If you browse for issues with the Intel PRO wireless 3945ABG adapter you'll find tons of hits.

Cheers,
Paul.

Posted: Thu May 08, 2008 12:33 pm
by jimmy274
The main thing about this [censored] Intel card is that you install the right drivers in the right way! I've had problems with it, but I'm running it for a month now, no problems at all.
First, download the latest Lenovo drivers for your card and then install it with a installer rather than pointing to an .inf file with the device manager. That (and those MS fixes you mentioned) fixed all of my problems!

Posted: Sun May 18, 2008 11:20 am
by krame00
DavidHBrown: - no, the mouse does not move either...

I reinstalled the driver so that it is the same one as the version on Lenovo's site. I am still having issue with freezing.

My next step will be to use Thinkvantage rescue and recovery to install the wireless piece of XP.

If not that, then I will just have to ship it to Lenovo.

One Last Question Before I Send my Baby Off...

Posted: Wed Jun 11, 2008 11:46 am
by krame00
OK - I am getting ready to submit.

I am going to send my laptop to Lenovo for a reimage.

Any pointers on what I should do before I send? Remove hard drive, perhaps?
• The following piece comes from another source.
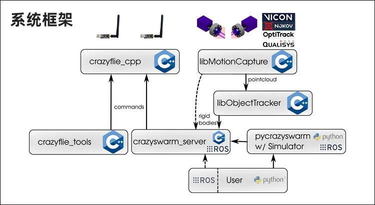 软件组成由一系列ROS包和Python脚本组成,实现了无人机的控制、仿真和数据分析等功能。提供PythonAPI/ROS/Matlab接口,方便开发者进行编队功能开发。
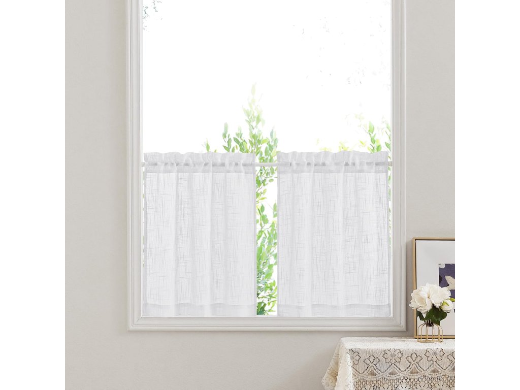 Vdechněte svěží a prosvětlenou atmosféru do své kuchyně nebo jiné místnosti s těmito krásnými síťovými záclonami PONY DANCE. Tato sada obsahuje dva panely, každý o rozměrech 60 cm na šířku a 60 cm na výšku, které jsou ideální pro menší okna. Záclony jsou vyrobeny z měkkého, lehkého polyesterového voálu s imitací lnu a zdobeny jemným křížovým motivem, který dodá interiéru elegantní a přirozený vzhled.

Back up data, most likely?

Anything else?

Thanks to all of you for your wonderful support.

Re: One Last Question Before I Send my Baby Off...

Posted: Thu Jun 12, 2008 9:09 am
by davidhbrown
krame00 wrote: I am going to send my laptop to Lenovo for a reimage.[...] Remove hard drive, perhaps? Back up data, most likely?[...]
I'd make sure the hardware in the machine is exactly what is shipped with. If you remove the hard drive, they're going to have a real challenge re-imaging the system, aren't they? Definitely back up your data.

Point well taken...

Posted: Thu Jun 12, 2008 12:40 pm
by krame00
Reimage w/o hard drive... Yeah that must have sounded stupid... I am not stupid, however - so I will clarify -

Someone earlier suggested having Lenovo first check the hardware on their hard drive to isolate possible hardware issues. That is what I was referring to.